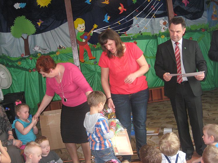 Wszyscy wykonawcy otrzymali dyplomy oraz jednakowe, równorzędne nagrody – mikrofony i tamburyna. Dodatkowe nagrody w postaci trąbek do rowerków dla dzieci ufundowała pani Danuta Nowak. Serdecznie dziękujemy za okazaną życzliwość i wsparcie.
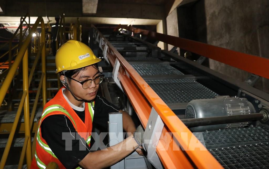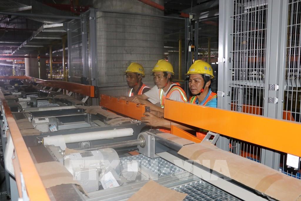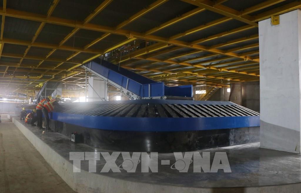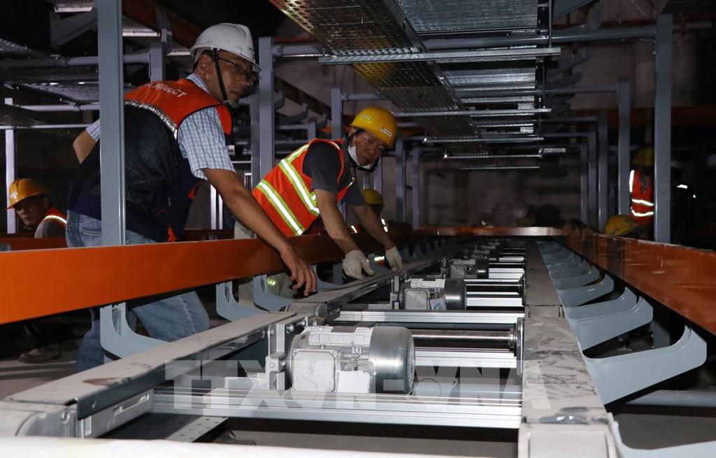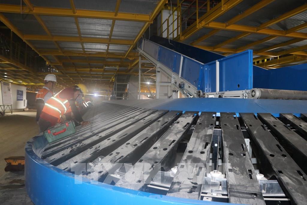 Hoàn thiện các phần việc tại vị trí phân loại hàng hóa trong hệ thống băng chuyền hành lý tại nhà ga hành khách sân bay Long Thành. Ảnh: Công Phong - TTXVN
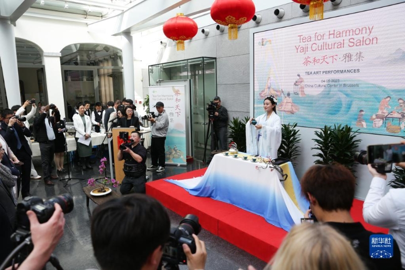 由中國文化和旅游部、中國駐比利時大使館、中國駐歐盟使團(tuán)共同舉辦的“茶和天下·雅集”比利時站活動4日在布魯塞爾中國文化中心開幕。新華社記者 鄭煥松 攝
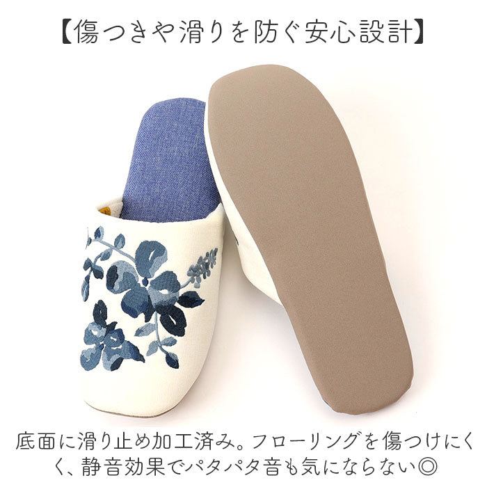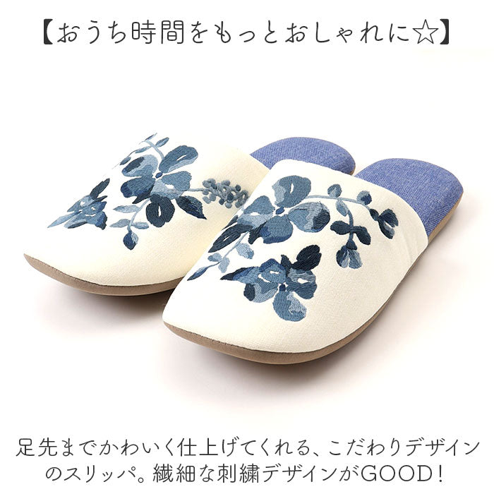 ・足先までかわいく仕上げてくれる、こだわりデザインのスリッパ。繊細な刺繍デザインがGOOD!

→ **PROBLEM DETAILS**: Copy out the whole listing exactly. Skip its pictures.

→ **WRITTEN ANSWER**:
 Wszyscy wykonawcy otrzymali dyplomy oraz jednakowe, równorzędne nagrody – mikrofony i tamburyna. Dodatkowe nagrody w postaci trąbek do rowerków dla dzieci ufundowała pani Danuta Nowak. Serdecznie dziękujemy za okazaną życzliwość i wsparcie.
 Hoàn thiện các phần việc tại vị trí phân loại hàng hóa trong hệ thống băng chuyền hành lý tại nhà ga hành khách sân bay Long Thành. Ảnh: Công Phong - TTXVN
 由中國文化和旅游部、中國駐比利時大使館、中國駐歐盟使團(tuán)共同舉辦的“茶和天下·雅集”比利時站活動4日在布魯塞爾中國文化中心開幕。新華社記者 鄭煥松 攝
 ・足先までかわいく仕上げてくれる、こだわりデザインのスリッパ。繊細な刺繍デザインがGOOD!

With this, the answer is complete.